▸ What the task asks: Please copy exactly the line containing "Bác sĩ Giàu" and every line after it, through the last line of the records below, leaving out all pictures.

▸ Extracted information:
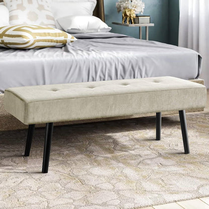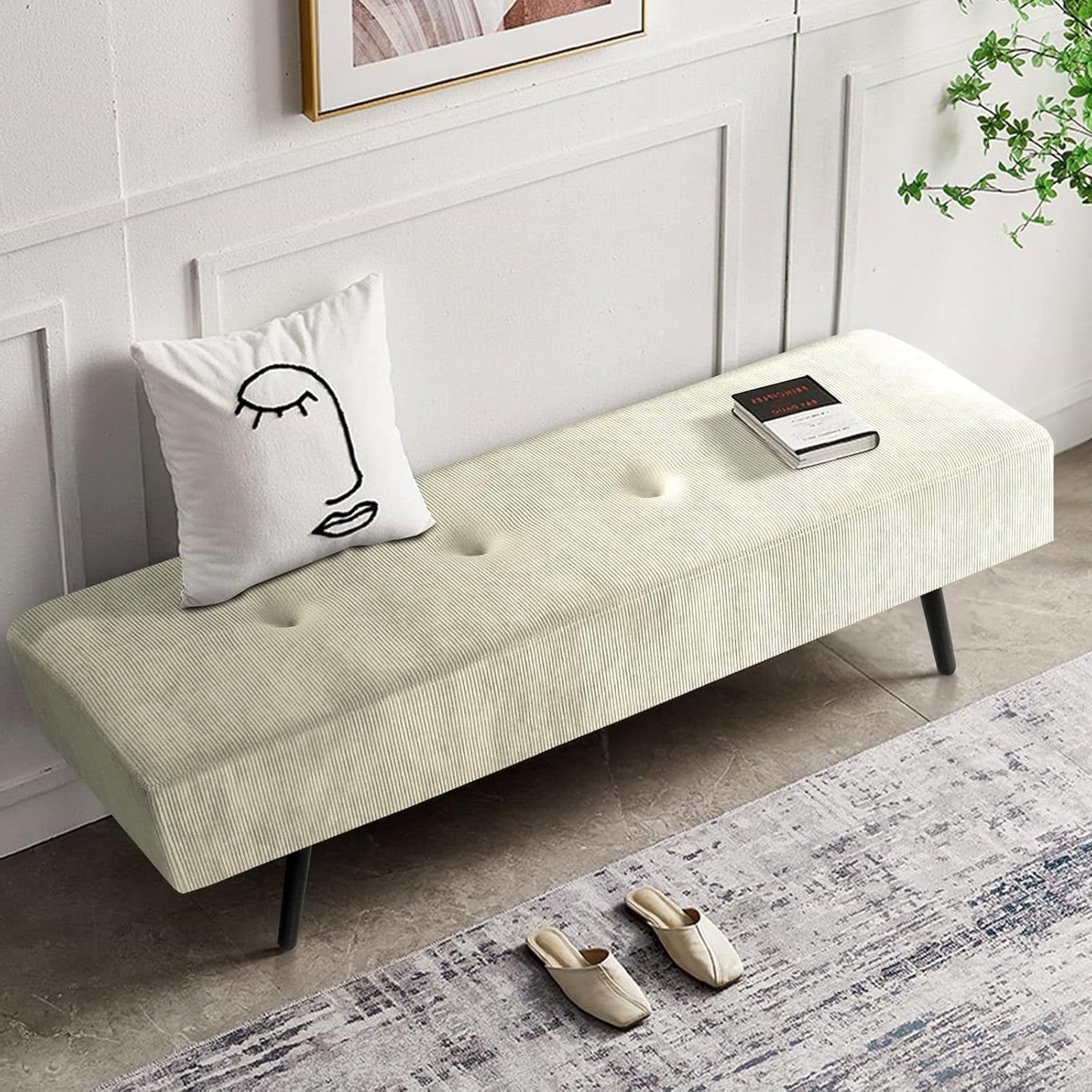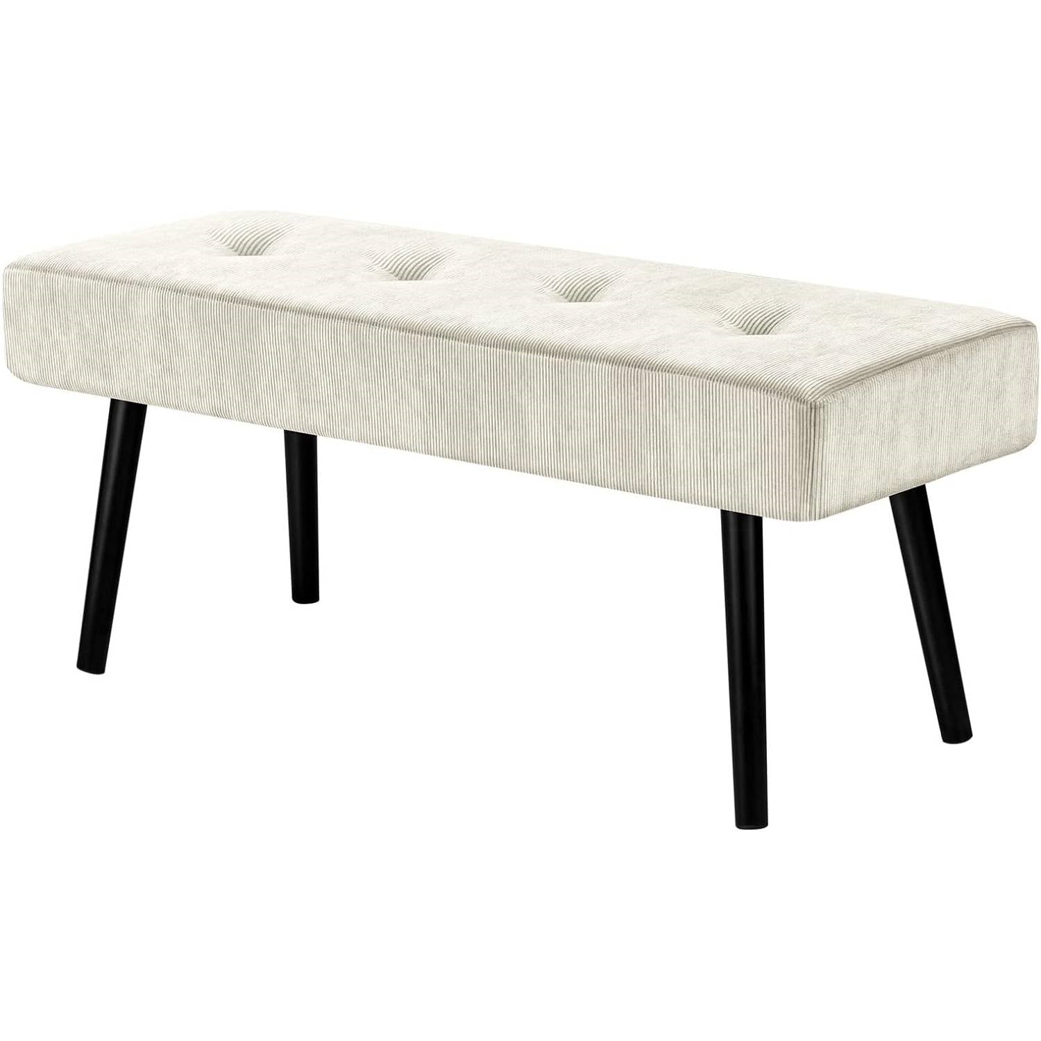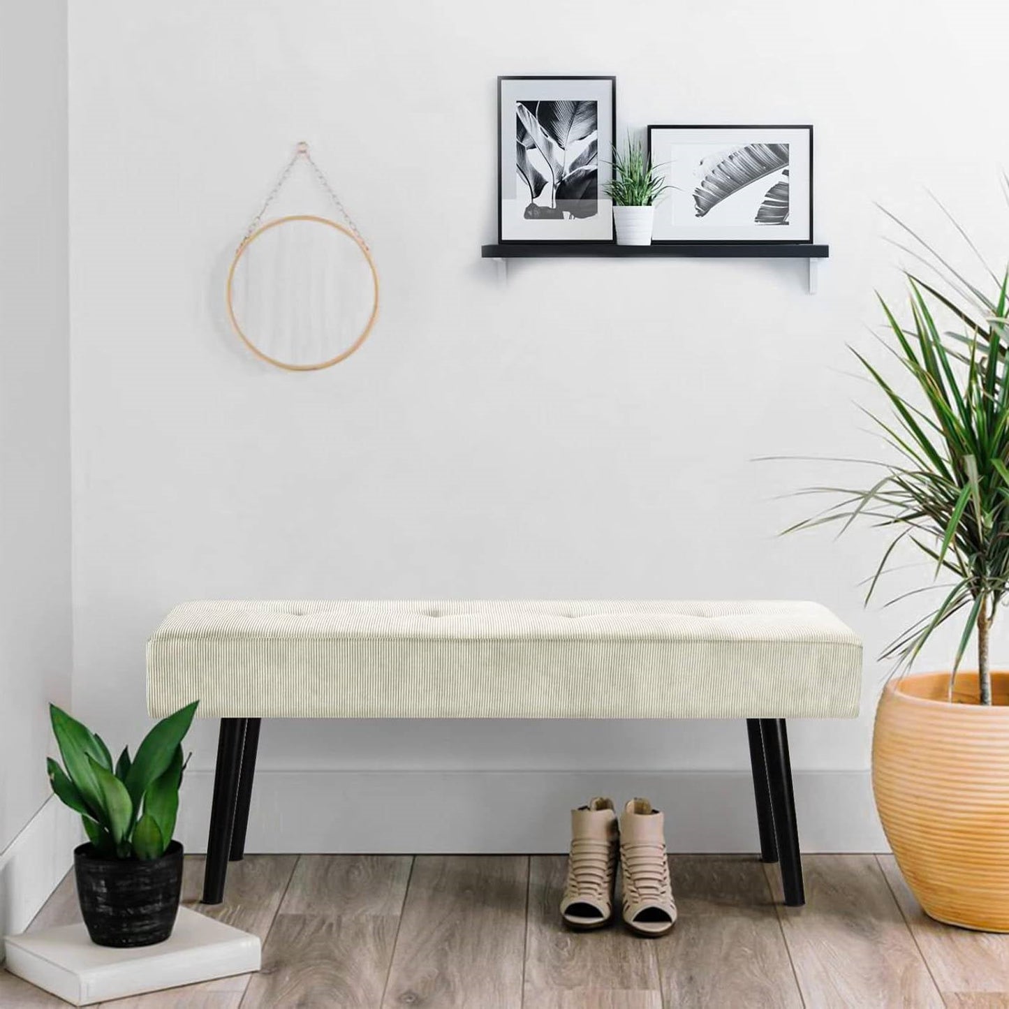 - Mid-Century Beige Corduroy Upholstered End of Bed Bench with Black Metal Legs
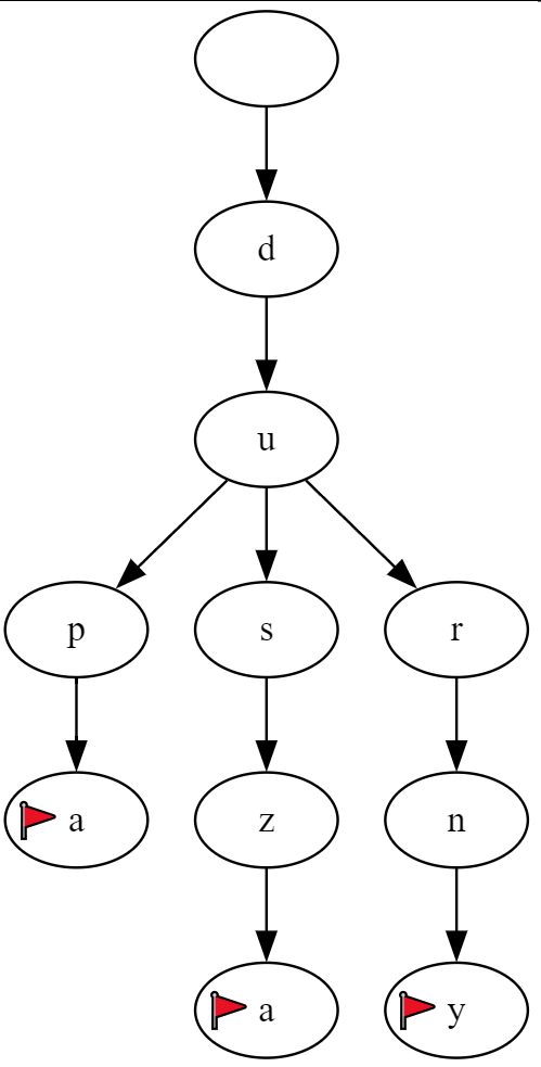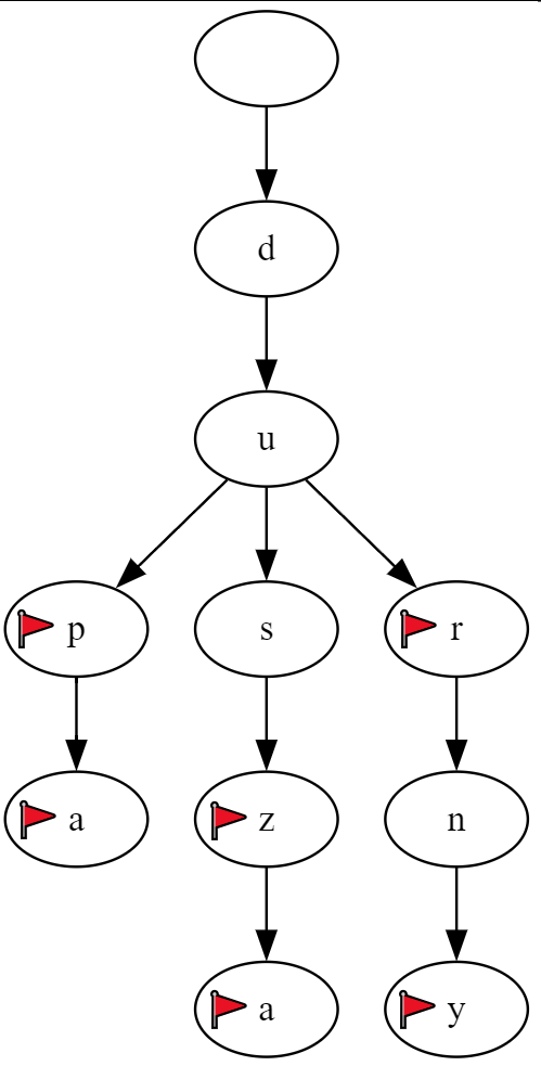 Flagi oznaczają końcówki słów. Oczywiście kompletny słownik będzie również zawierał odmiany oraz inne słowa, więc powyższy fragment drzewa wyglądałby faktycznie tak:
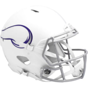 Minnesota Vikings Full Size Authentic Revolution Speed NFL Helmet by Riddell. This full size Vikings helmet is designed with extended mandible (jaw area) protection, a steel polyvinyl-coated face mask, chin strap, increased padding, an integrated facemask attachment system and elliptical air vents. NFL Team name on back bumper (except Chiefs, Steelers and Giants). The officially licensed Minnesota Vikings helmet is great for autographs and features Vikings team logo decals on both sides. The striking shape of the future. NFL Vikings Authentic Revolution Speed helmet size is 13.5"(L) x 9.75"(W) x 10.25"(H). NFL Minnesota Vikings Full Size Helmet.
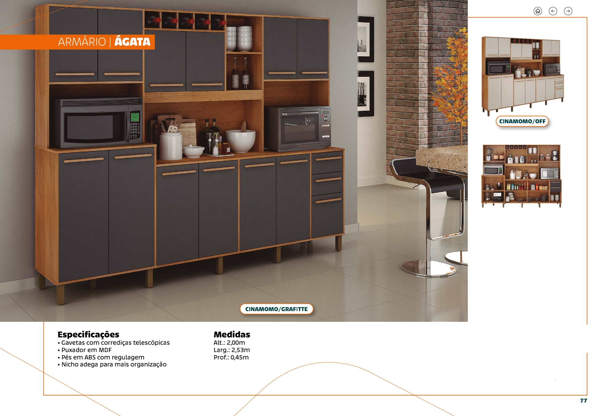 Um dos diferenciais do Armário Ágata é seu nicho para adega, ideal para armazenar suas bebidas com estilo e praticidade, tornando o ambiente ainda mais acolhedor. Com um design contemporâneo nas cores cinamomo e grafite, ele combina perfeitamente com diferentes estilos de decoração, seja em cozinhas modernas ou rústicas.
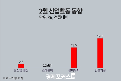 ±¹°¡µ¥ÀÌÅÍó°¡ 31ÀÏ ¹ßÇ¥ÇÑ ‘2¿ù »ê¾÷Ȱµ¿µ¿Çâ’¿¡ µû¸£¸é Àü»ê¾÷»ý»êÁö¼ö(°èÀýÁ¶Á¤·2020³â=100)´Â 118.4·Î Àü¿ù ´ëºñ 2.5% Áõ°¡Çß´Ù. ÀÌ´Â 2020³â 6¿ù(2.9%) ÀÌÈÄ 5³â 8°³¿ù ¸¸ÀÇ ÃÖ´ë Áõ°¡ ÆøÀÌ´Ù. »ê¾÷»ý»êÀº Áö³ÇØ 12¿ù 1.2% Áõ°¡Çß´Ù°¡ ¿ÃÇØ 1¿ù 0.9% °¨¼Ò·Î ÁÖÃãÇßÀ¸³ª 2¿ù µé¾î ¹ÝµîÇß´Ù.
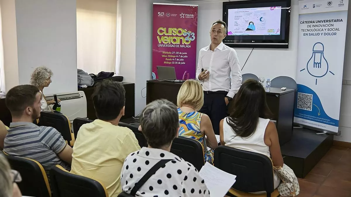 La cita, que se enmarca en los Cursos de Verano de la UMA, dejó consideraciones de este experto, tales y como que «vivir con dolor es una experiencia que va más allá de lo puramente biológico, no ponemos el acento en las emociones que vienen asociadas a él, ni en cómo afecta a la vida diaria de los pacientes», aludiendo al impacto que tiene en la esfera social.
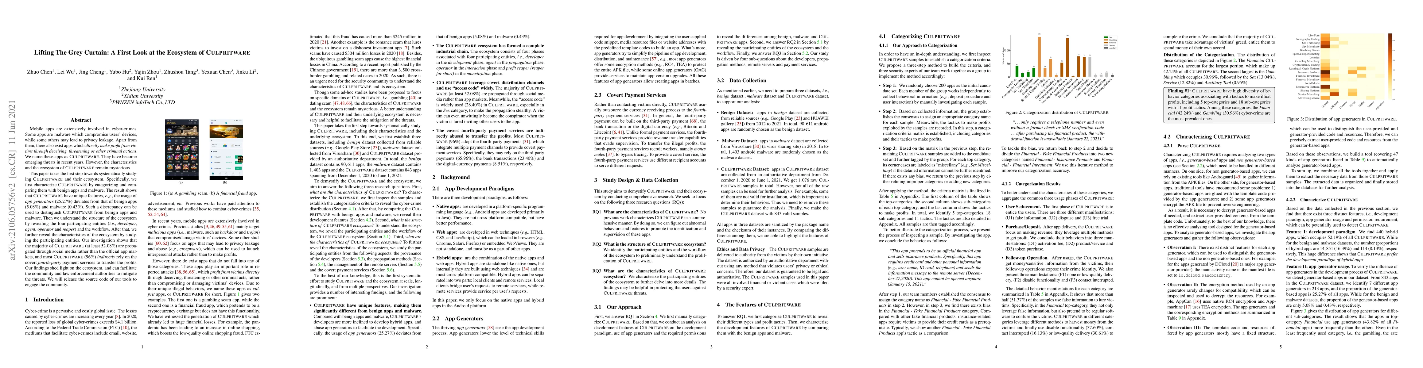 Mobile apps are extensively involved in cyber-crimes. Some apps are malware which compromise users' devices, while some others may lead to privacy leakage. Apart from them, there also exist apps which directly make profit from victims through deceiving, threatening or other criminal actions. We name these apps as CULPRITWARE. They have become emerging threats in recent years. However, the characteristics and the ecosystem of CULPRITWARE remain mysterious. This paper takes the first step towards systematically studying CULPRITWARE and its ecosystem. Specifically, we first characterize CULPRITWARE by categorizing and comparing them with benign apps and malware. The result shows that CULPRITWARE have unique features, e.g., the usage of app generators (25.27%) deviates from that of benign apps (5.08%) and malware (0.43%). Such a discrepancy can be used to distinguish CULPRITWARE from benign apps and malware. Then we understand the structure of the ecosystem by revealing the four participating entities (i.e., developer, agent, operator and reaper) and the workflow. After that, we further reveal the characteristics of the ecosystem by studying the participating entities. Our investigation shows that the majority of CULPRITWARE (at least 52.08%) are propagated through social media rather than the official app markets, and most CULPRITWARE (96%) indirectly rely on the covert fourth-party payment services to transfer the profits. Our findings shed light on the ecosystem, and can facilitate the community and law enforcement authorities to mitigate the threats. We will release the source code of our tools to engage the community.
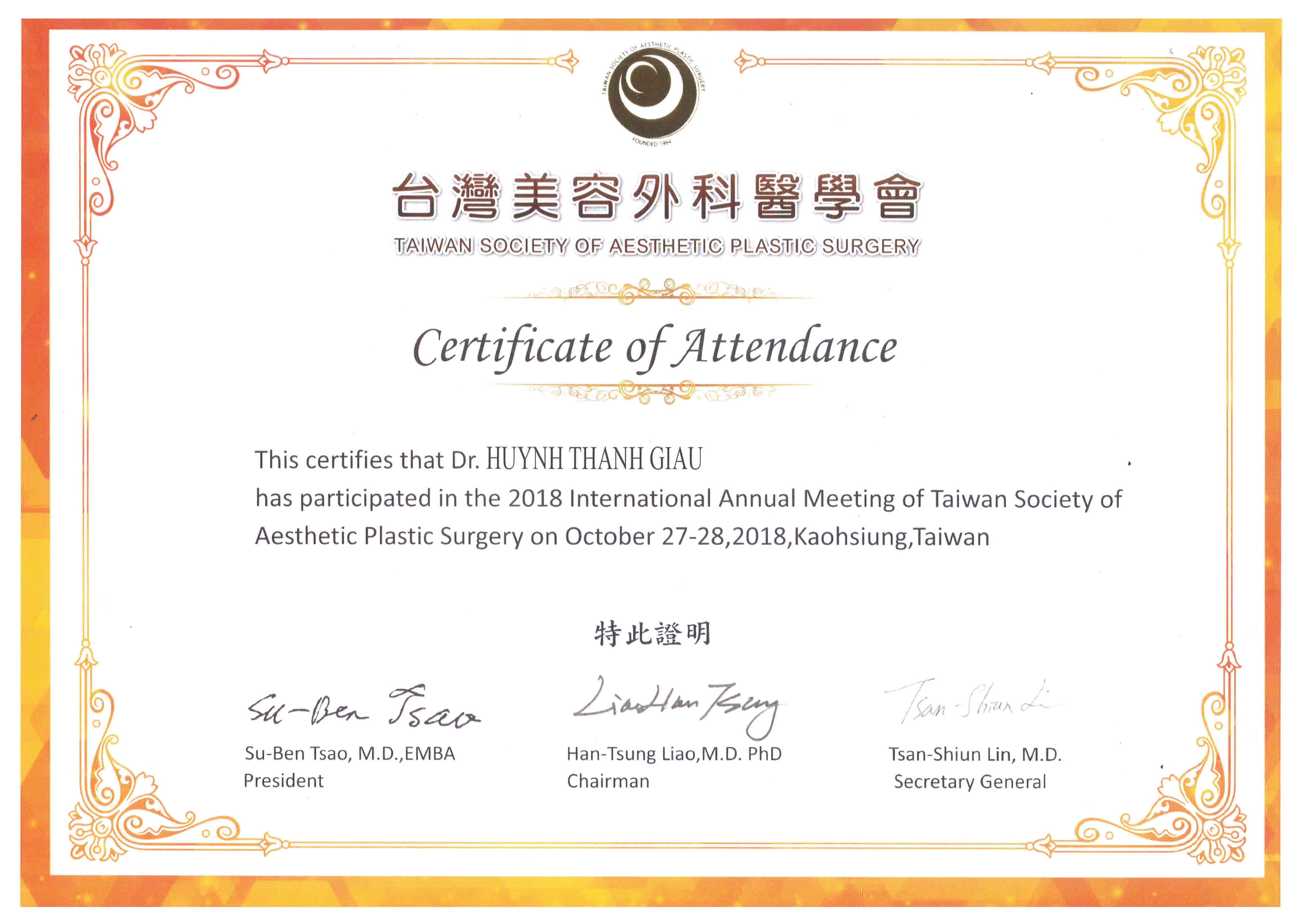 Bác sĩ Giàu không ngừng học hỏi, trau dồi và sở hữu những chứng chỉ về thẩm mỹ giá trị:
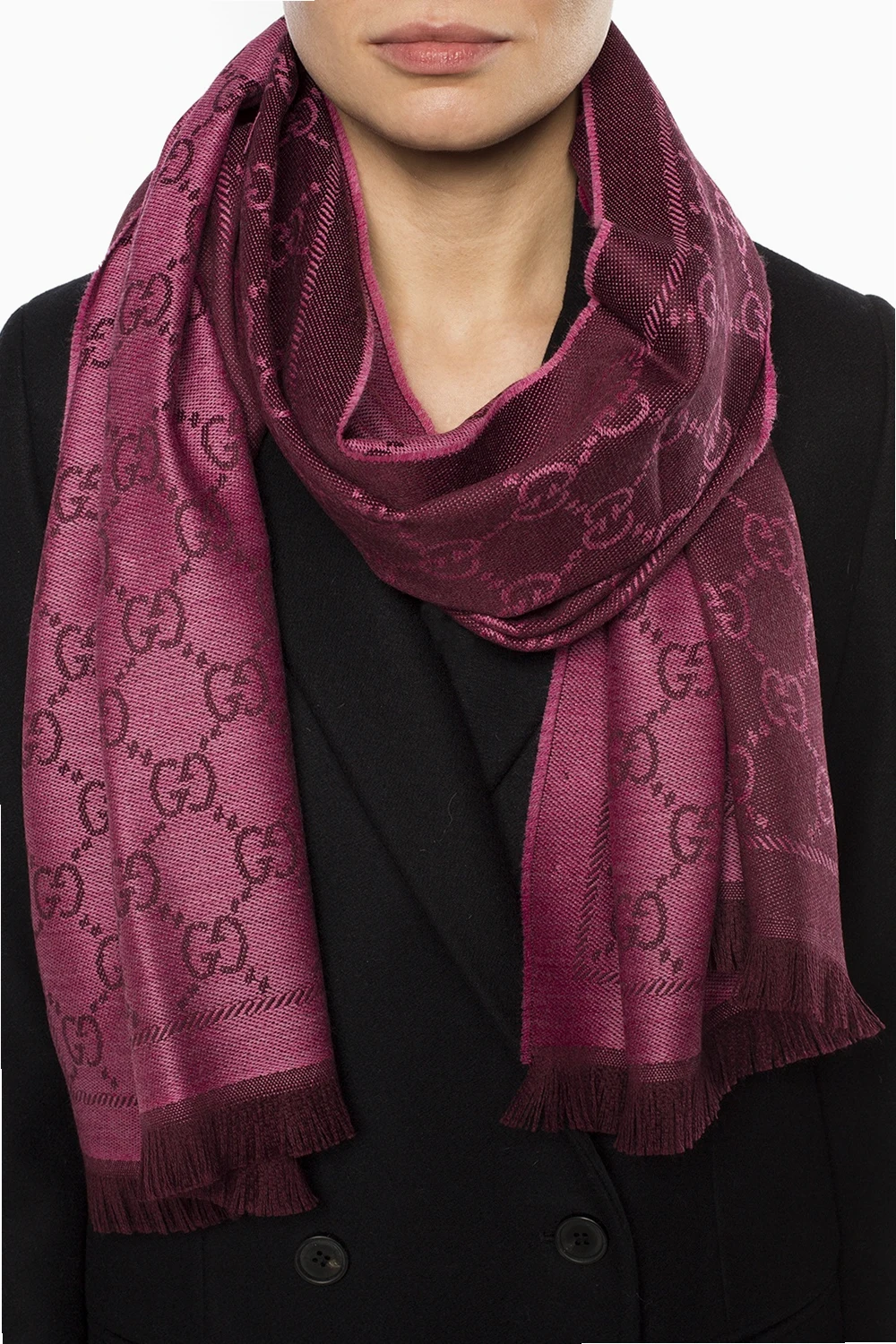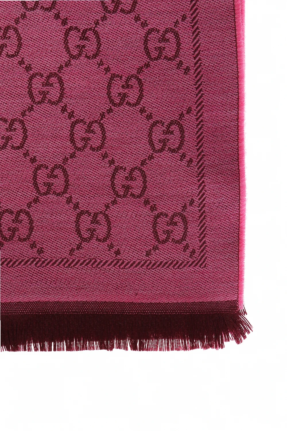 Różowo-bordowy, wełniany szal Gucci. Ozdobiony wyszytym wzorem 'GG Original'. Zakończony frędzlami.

▸ Answer to this exercise:
 Bác sĩ Giàu không ngừng học hỏi, trau dồi và sở hữu những chứng chỉ về thẩm mỹ giá trị:
 Różowo-bordowy, wełniany szal Gucci. Ozdobiony wyszytym wzorem 'GG Original'. Zakończony frędzlami.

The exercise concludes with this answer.